Por Eduardo Díaz Delgado ()
La Habana.- Te he escuchado muchas veces decir que la vida en Cuba, a pesar de todo, sigue. Que la gente aguanta. Pero a veces me pregunto si te das cuenta de lo que significa «aguantar» en este país. Porque no es solo pasar trabajo, no es solo quedarse sin luz, sin comida, sin medicinas. Es vivir en una constante degradación, una caída lenta, pero imparable, de lo que alguna vez fue la vida normal de un cubano. Es ver cómo, cada día, se pierde un poquito más de lo poco que queda.
A veces dicen que, cuando la situación sea insostenible, cuando el país toque fondo, la gente se rebelará, se levantará. Pero, ¿cómo puede alguien seguir creyendo eso? ¿No te das cuenta de que ya se está ahí? Ya se ha llegado a ese último aliento. La resistencia no es un signo de fuerza, no es motivo de orgullo. Es, más bien, una trampa.
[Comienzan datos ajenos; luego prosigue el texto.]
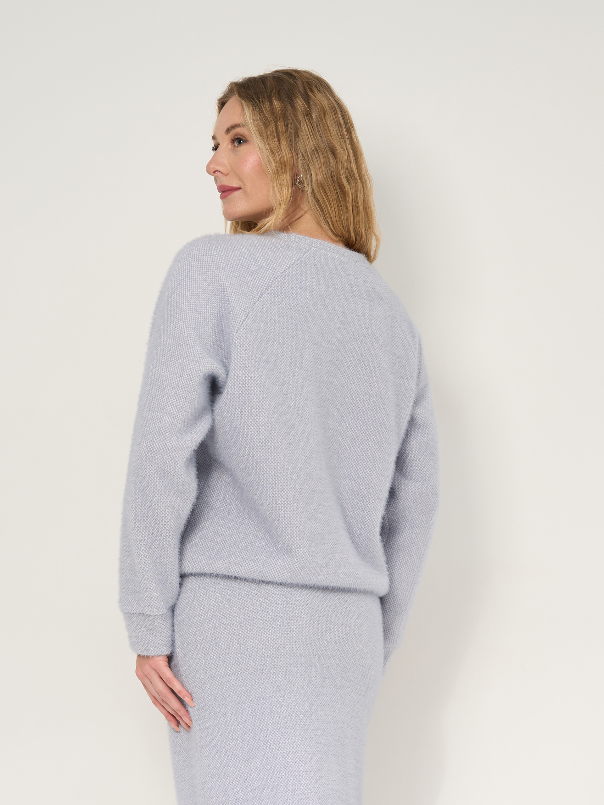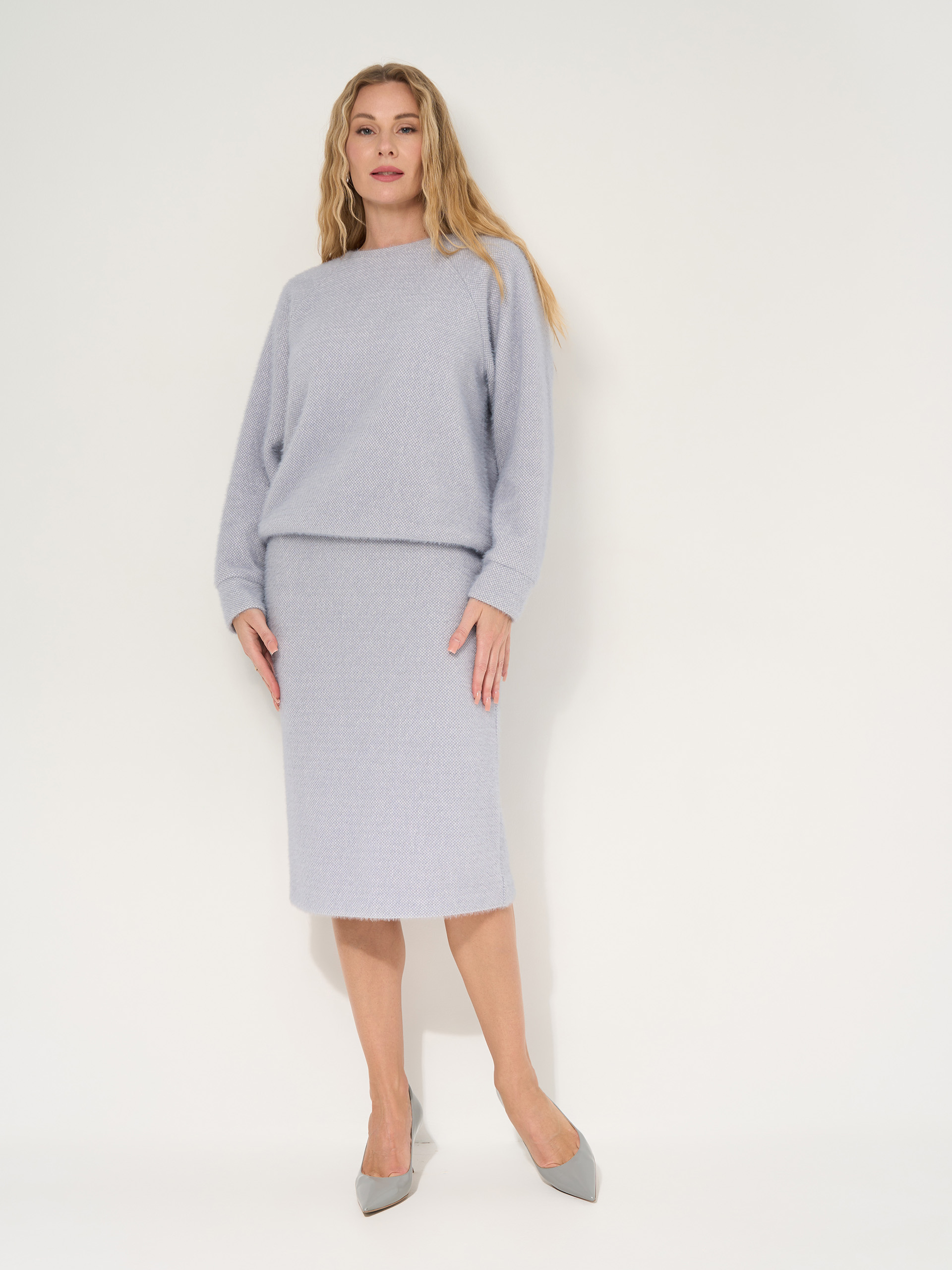 Джемпер с рукавом реглан, резинка по кругу, вискозный нежный трикотаж, с подпушком. Цвет-серо-белый меланж

Porque nos enseñaron a creer que resistir era casi heroico, cuando en realidad lo que se está haciendo es sobrevivir a un conflicto que nunca fue deseado, a un litigio que nunca fue nuestro.
Todo esto comenzó hace décadas, cuando las políticas de Fidel Castro empezaron a moldear a un país a su imagen y semejanza. Y durante mucho tiempo, muchos creyeron en esa promesa. Pero, míranos ahora. El país que una vez fue, la república que existía antes de mil novecientos cincuenta y nueve, no tiene nada que ver con esta sombra en la que se ha convertido. La vida no tiene comparación.
Ahora queda un país donde las infraestructuras están destrozadas, la economía en ruinas, y la esperanza… bueno, la esperanza es algo que cada vez menos cubanos pueden permitirse. Porque se sigue esperando que, de alguna manera, el futuro traiga algo mejor. Pero, ¿cómo puede mejorar si se sigue el mismo camino de siempre, con los mismos errores, la misma inercia?
Y mientras tanto, la Revolución sigue ahí, aferrada al poder, sin dar una opción, sin permitir una variante, una elección real que deje ver otro futuro. Nos hacen creer que no hay otro camino, que esto es lo que queda. Pero fuera de aquí, fuera de esta isla que parece hundirse más cada día, hay miles de cubanos que han encontrado otra vida. Están en Estados Unidos, en España, en cualquier rincón de Latinoamérica, y tienen algo que aquí parece imposible: libertad.
Esa es la verdadera ironía, ¿no? Que mientras los que están en Cuba siguen resistiendo, sin alternativa, sin un respiro, muchos de los suyos ya han encontrado una manera de vivir, de prosperar, fuera de estas fronteras. Mientras la revolución insiste en que la lucha continúa, cada vez más cubanos hacen sus vidas lejos, sin esa batalla que nunca pidieron.
Lo peor de todo es esa idea de que la resistencia es loable, que es una muestra de fortaleza soportar. Pero resistir solo significa aguantar un poquito más mientras todo se desmorona alrededor. ¿Hasta cuándo? ¿Hasta que no quede nada? Si se sigue así, este país, tal como lo conocemos, sencillamente desaparecerá.
Y aún hay quienes, sobre todo entre las generaciones mayores, ven en esta resistencia un motivo de orgullo. Para ellos, resistir ha sido casi una misión de vida, como si soportar lo insostenible fuera un deber. Y es ahí donde radica una de las grandes crueldades de todo esto: al tratar de imponer esa resistencia a las generaciones más jóvenes, nos piden que asumamos una lucha que no sentimos propia. Resistir nunca fue un proyecto de vida para los más jóvenes; fue una obligación impuesta por quienes aún creen en ese romance con la resistencia.
¿Vale la pena hacer sufrir a una generación entera, o a todas las que vinieron después, por aferrarse a una idea que ya no funciona? Al final, somos nosotros, los jóvenes, quienes más estamos sufriendo por la falta de futuro, aunque la realidad a quienes más golpea es a los de esa misma generación que tiene a los que mantienen un romance con la revolución.
Es cruel empecinarse en salvar algo que está roto. Porque cuando el camino es el equivocado, no se puede valorar todo el tiempo que se ha invertido en recorrerlo como algo que se puede perder. Lo que realmente se pierde es todo el tiempo que sigue invirtiéndose en ese camino, sabiendo que es el errado, tiempo que podría ser utilizado para corregir, para encontrar una nueva dirección.